IMF should think hard before dictating changes to Swaziland
- Manqoba Nxumalo
- 07 Apr 2011 (South Africa)
History is being made in Swaziland and the past few weeks have proved this. Following several recent protest marches, we have been inundated with reports of Swazi parliamentarians trying to respond to – and circumvent – growing anti-government sentiment, mostly from the youth and students.
On the day of the biggest protest marches so far, 18 March, Mswati III was passing out soldiers at army headquarters. He sternly warned soldiers against siding with opponents of his government. Perhaps he wants to ensure that the loyalty of the army. That night Swazi prime minister Barnabas Sibusiso hastily convened a press conference where he announced the reshuffle of the principal secretaries.
Two days later, in a parliamentary session, senators asked the prime minister to “deal” with one of the founders of the April 12 Uprising Facebook group. Senators asked the prime minister to arrest a man we have come to know as “Gangadza Masilela” because the information he was spreading on Facebook about Swaziland was dangerous. The senators rightly observed that many uprisings had been started by Facebook and called for the prime minister to do something.
The following day, the minister of labour and social security called for people behind the April 12 Uprising to come to the table to negotiate with the government.
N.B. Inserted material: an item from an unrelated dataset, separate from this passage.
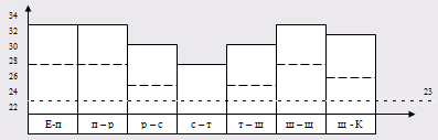 Построение графика начинается с нанесения на однопутный участок Е – К оптимального варианта местной работы. Затем намечается пропуск скорых пассажирских и пригородных поездов, следует учесть, что скорые поезда на промежуточных станциях участка стоянок не имеют, а на станциях Е, Д, К, для обслуживания пассажиров стоят 10 мин. Пассажирские поезда на каждой промежуточной станции имеют стоянку по 2 мин и на станциях Е, Д, К, по 10 мин. Пригородные поезда на каждой промежуточной станции стоят по 1 мин, на станции оборота пригородных составов 10 мин.

He then laid down a condition: That the government was only ready to negotiate with anyone who had proof that the people of Swaziland wanted multi-party democracy. This demand epitomises the attitude of the government of Swaziland towards change.
It is quite evident the present regime has lost legitimacy and the economic collapse has not made their case any easier. However, what is worrying is the silence of the International Monetary Fund on these developments. The IMF has been scrutinising the government’s account books recommending this and suggesting that, but has not once talked about the root cause of the economic problems in Swaziland. Instead of acknowledging the political problem that caused the economic collapse in the first place, the IMF is suggesting structural-adjustment programmes and privatisation.
The economy has collapsed mainly because of, among other things, the exorbitant cost of the upkeep of the royal family, as well as pervasive corruption. For example, in the wake of the calls from higher authorities for fiscal prudence as receipts from Southern African Customs Union dropped to an all-time low, adding pressure to sluggish economic growth, the royal family’s budget was increased. This increase is reflected in the latest budget estimates released by minister of finance Majozi Sithole.
The government has been warned about its escalating reckless expenditure, which sees priorities often taking a backseat and an excessive government wage bill. Last year alone it was reported that government had budgeted R170 million (up from R130 million) for the royal family. In terms of the Royal Emoluments and Civil List Act, signed into the law by King Mswati III on 23 September 1998, each year for a decade R15 million and budget estimates for last year showed that a staggering R503 million, which is 5% of the R10 billion national budget for 2010/2011, has gone to cover expenditure associated with the monarchy. Making matters worse, according to the 2005 constitution the King, his mother, the Indlovukazi, and the senior prince who exercises the duties of the king when the position is vacant.
The R503 million comprises R170 million from Royal Emoluments and Civil List, despite the law stating the amount should be R15 million; R158 million recurrent budget for the Swazi national treasury under the King’s office; the usual R125 million for state houses and R50 million for link roads to royal residences. The last two projects for the royal household have featured in the national budget for the past two years. A sum of R25 million for the rehabilitation, maintenance and construction of state houses is, effective from last fiscal year, under the Swazi national treasury and the R5 million royal link roads is still under the ministry of public works and transport. Paid under royal emoluments are salaries for the monarch and related payments to such immediate members of the royal household as determined by the king.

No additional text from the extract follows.